The same is true for building ships and building cars, two other Trump priorities that, when done right, devour vast amounts of steel. The problem with shipbuilding is the lack of long-term contracts, whether for commercial ships or U.S. Navy vessels; a mercurial increase in tariff rates won’t automatically rejigger U.S. mills to produce the kind of steel that goes into supertankers.

“I don’t think tariffs alone would drive investments to build that kind of plate,” Spoores said.

Cars are similar: The steel used in autos is specialized and quality-tested, extensively so. That kind of multibillion-dollar investment is unlikely to turn on tariff decisions, which can—and have—been reversed in a tweet. 

“The tariffs just make steel more expensive. It takes something like five years to get an auto-quality mill up and running,” Spoores said.

Meanwhile, Trump’s latest trade salvo landed in the middle of talks with scores or hundreds of potential trade partners, all of whom were horrified, and most of whom are recalibrating. Mexico and Canada, which have been hit with so many tariffs this year for so many reasons, are both trying to make sense of the escalation. Mexico is threatening reprisals, while Canada’s new government is cautious but ready to react.

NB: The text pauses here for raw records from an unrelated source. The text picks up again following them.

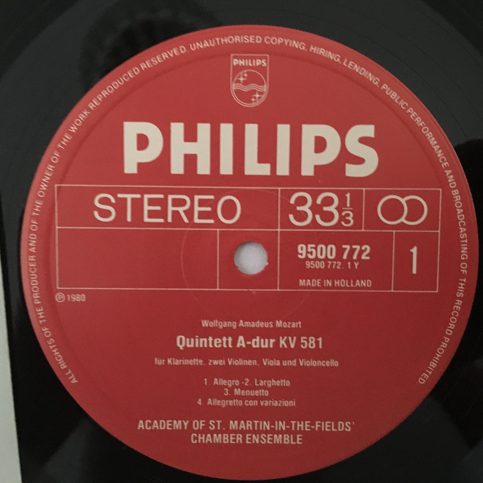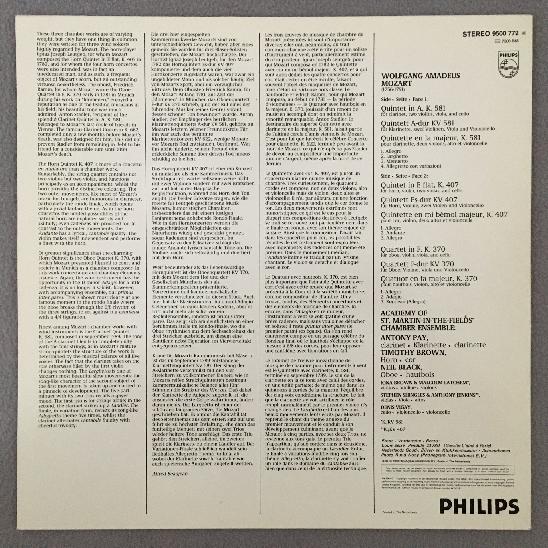 P395 Mozart Quintets Quartet Pay Clarinet Brown Black Philips 9500 772 Stereo
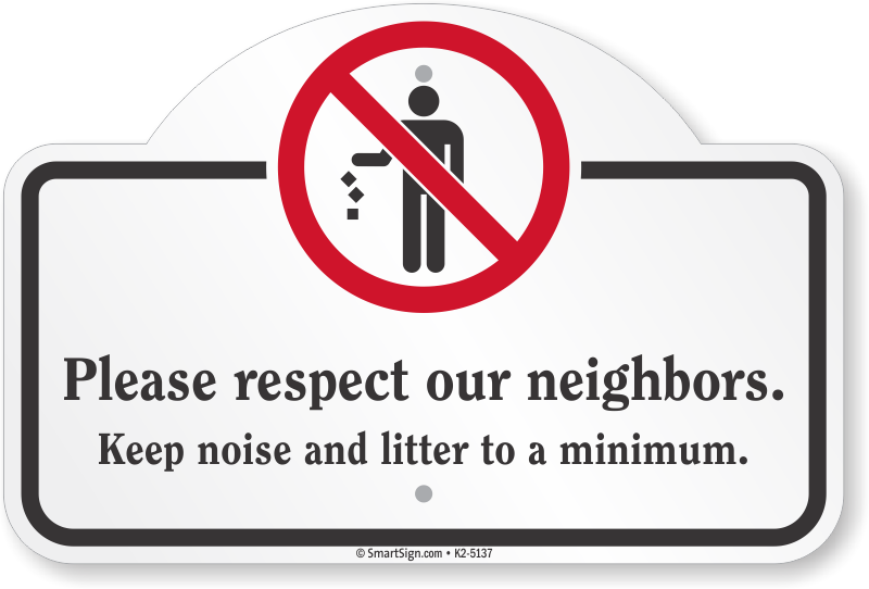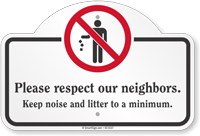 Dome-Top Sign: Please Respect Our Neighbors. Keep Noise And Litter To A Minimum. K2-5137 Learn More...
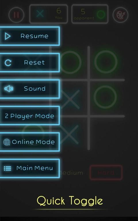 यह XOXO खेल कठिनाई, आसान, मध्यम, हार्ड के तीन मोड हैं। आप इन विकल्पों में से चुन सकते हैं।

The United Kingdom, which has agreed to a preliminary framework for future trade talks, is worried that the latest steel tariffs will throw a spanner in the bilateral truce, especially because a lot of British steelworks are actually Indian-owned. The European Union held off on reprisals after the first round of steel tariffs, and it is still hopeful about progress on talks but is dusting off billions in counter-battery tariff measures just to be sure.

What frets European negotiators—and steel industry experts in general—is that the industry’s problem is, to a large extent, Chinese overcapacity, which is entirely unaddressed by Trump’s latest measure. China produces more than a billion tons of steel a year, more than half the global total. The United States, still a major producer, churns out roughly 80 million tons. 

In recent years, the United States and Europe had sought accommodation on steel production and rules on steel trade that would limit China’s reach and its environmental impact. But that, to the chagrin of European trade experts and U.S. environmentalists, takes a back seat to putting another brick in the wall.